201July 9 1 1

It turns out that when I was visiting the medicine market, I went to buy scented tea with Teacher Lu. I weighed a large bag of self-styled "dark red roses" for ten dollars.

As the name implies, the rose "flower" has a deep purple corolla arranged in circles on the receptacle, which is in sharp contrast with the gray-green sepals. The corolla in the middle is closed. After peeling, a large number of stamens will be found inside, among which the anthers are yellow and the filaments are the same color as the corolla. I don't know if it is because the filaments are soaked in water and impregnated with the pigment in the corolla.

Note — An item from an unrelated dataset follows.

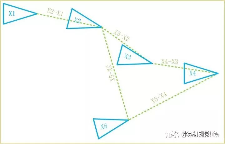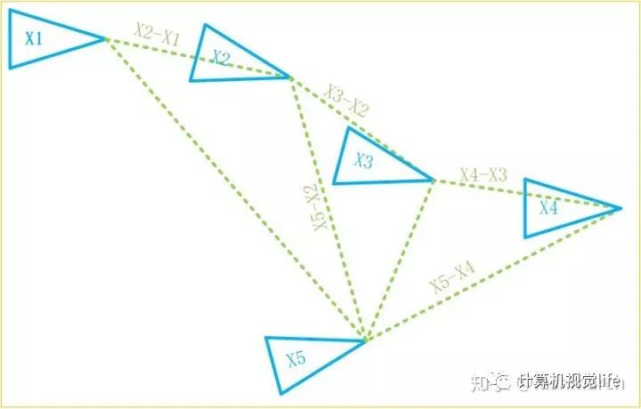 那现在又有新的问题了,我们怎么知道可以由第二帧推算第五帧位姿呢?就像下图,可能第一帧、第三帧也可以呀。确实,我们之所以用前一帧递推下一帧位姿,因为这两帧足够近,肯定可以建立两帧的约束,但是距离较远的两帧就不一定可以建立这样的约束关系了。找出可以建立这种位姿约束的历史帧,就是回环检测。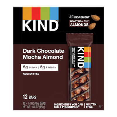 Stock up on a snack that is low in sugar and high in fiber with this 12-pack of dark chocolate mocha bars. With only five grams of sugar and five grams of protein, these KIND dark chocolate bars make a healthy snack anytime, anywhere.

After soaking in a cup, I found the magical change process of this rose tea-as soon as the rose entered the water, it dyed the water dark blue, then the blue faded and the tea turned brown. In the process of soaking in water, the deep purple of the corolla gradually receded, but the water never showed deep purple, even a little pale rose!

Teacher Lu also shared this magical change with me. With the attitude of finding and solving problems, I immediately hope to see this magical rose in the microscopic world. Even though it is difficult to see the tiny structure of plant pigment under the optical microscope, I hope I can make it myself and see it with my own eyes.

I have an appointment with Mr. Lu. Tonight, Zhao Cheng and I wet two dark red roses and took them to the laboratory to start making temporary slices for observation.

Although the rose petals soaked in water are softer and smoother than before, it is still very difficult to take samples with a blade. Observing under the microscope, the section is still very thick, and several layers of cells are stacked together in the field of vision, so it is impossible to observe. Zhao Cheng, who has hands like a clever woman, finally took down an extremely thin sample, which was infiltrated with chloral hydrate and placed under the mirror to make the fiber structure of rose petals clear at a glance.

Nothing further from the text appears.